According to the U.S. Energy Information Administration (EIA), by the year 2040, the cost of energy in the U.S. will increase by 25% to 75%, depending on the energy source. Overall business expenses are expected to follow the same trend.
How, then, will companies continue to remain profitable? There are two ways to maintain profits in a world of increasing cost: either by reducing total costs, or increasing total sales. The latter comes with no guarantee, but implementing cost-saving practices is quantifiable and achieves results. When the need to reduce costs arises, it is counterintuitive to invest in utility management infrastructure. However, delaying the investment doesn’t just delay returns; the cost to invest will also increase.

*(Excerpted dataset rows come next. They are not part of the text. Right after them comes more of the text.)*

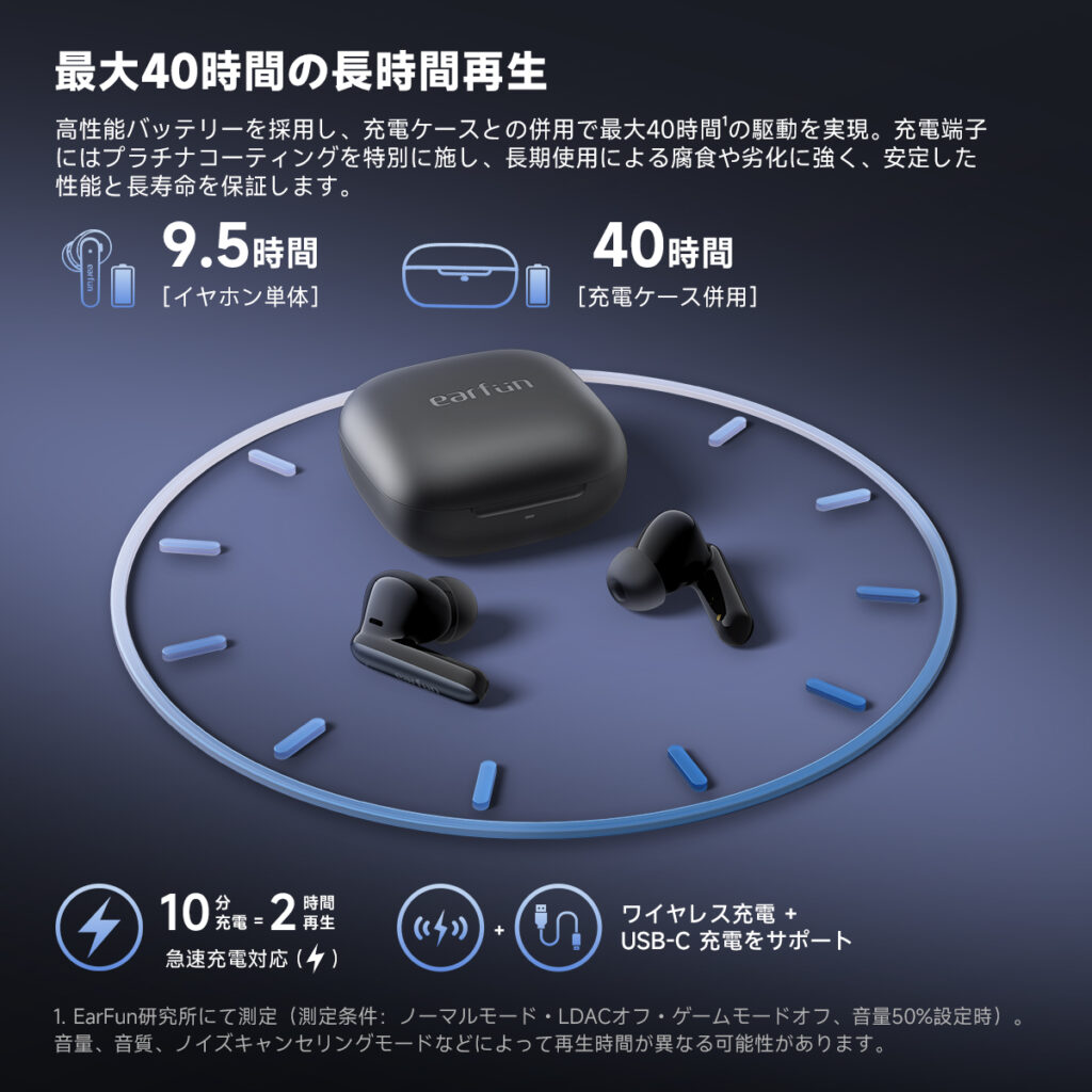 A. イヤホン単体最大約9.5時間、ケース込み最大約40時間。10分充電で約2時間再生の急速充電に対応。ワイヤレス充電も可。
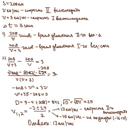 два велосипедиста одновременно отправились в 208-километровый пробег. первый едет со скоростью на 3км/ч больше, чем второй, и прибывает к финишу на 3 часа раньше второго. найдите скорость второго велосипедиста
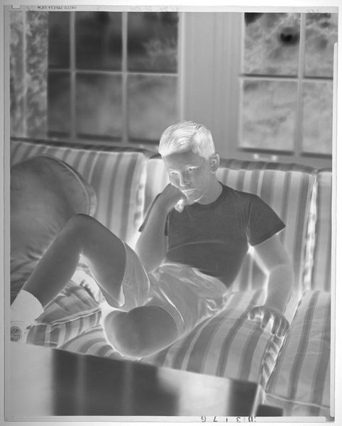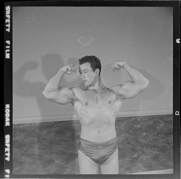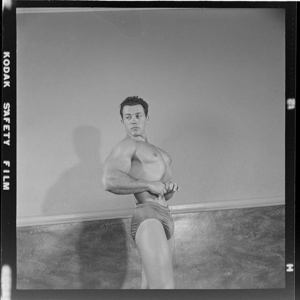 Curator: George Platt Lynes crafted this photographic portrait of Bernard Perlin in 1949. It’s a strikingly simple image, stark in its black and white composition. Editor: There’s a definite stillness here. Like the moment right after the curtain closes, and you're alone with your thoughts. Melancholy, maybe? Or just deep reflection? Curator: Lynes's work often explores themes of beauty and form, particularly within the male figure. Looking at this portrait, one can read it as an attempt to canonize male beauty in art history, moving it out of the periphery. He disrupts gender norms of art, highlighting the male body in a sensuous yet academic approach. Editor: I notice Perlin is wearing, or maybe half wearing, what seems like regular clothes and jewelry, juxtaposed against a semi-nude presentation, so it’s domestic, and strangely, also, very exposed and vulnerable. And that expression on his face! He seems to be searching for something. It adds to the emotional pull. Curator: Exactly. During that period, representing queer figures and eroticizing the male form could be viewed as subversive. So, Lynes’s photographic vision must also be seen within that social context. Considering Perlin was himself a figurative painter also invested in challenging the status quo, perhaps it could even be considered a type of double portrait. Editor: A collaboration then, almost a silent manifesto. I keep circling back to his expression. It feels incredibly intimate, almost as if he’s looking right through you while caught up in a dream. Curator: This photograph exists as a moment suspended between vulnerability and defiant presence, both anchored within historical, political and artistic dialogues of its time. Editor: It certainly holds your attention. There’s something quietly profound about the piece. It lingers.

A large American multinational retail corporation that operates a chain of department stores is often used as an example of utility management savings, illustrated in the chart below. If the company was to invest in utility management for its 1,100 stores that average over 150,000 square feet each, it could save up to two billion dollars this year. In order to obtain the same net profit, the company would need to sell 250 million dollars of product, at 20% GP per year, for the next 25 years.
According to the EIA, over half of the electrical power consumed by commercial buildings is wasted. Various Utility Management Specialists estimate that many businesses can reduce energy consumption by 20% by simply using energy efficient products can economically reduce energy waste. As illustrated below, the EIA estimates that in upcoming years, total commercial electrical consumption will decrease by 13% while the cost of power will increase approximately the same amount.
Business costs are reduced through the use of various energy management solutions. And, as one might expect, lowering cost directly correlates to an increase in profit margin.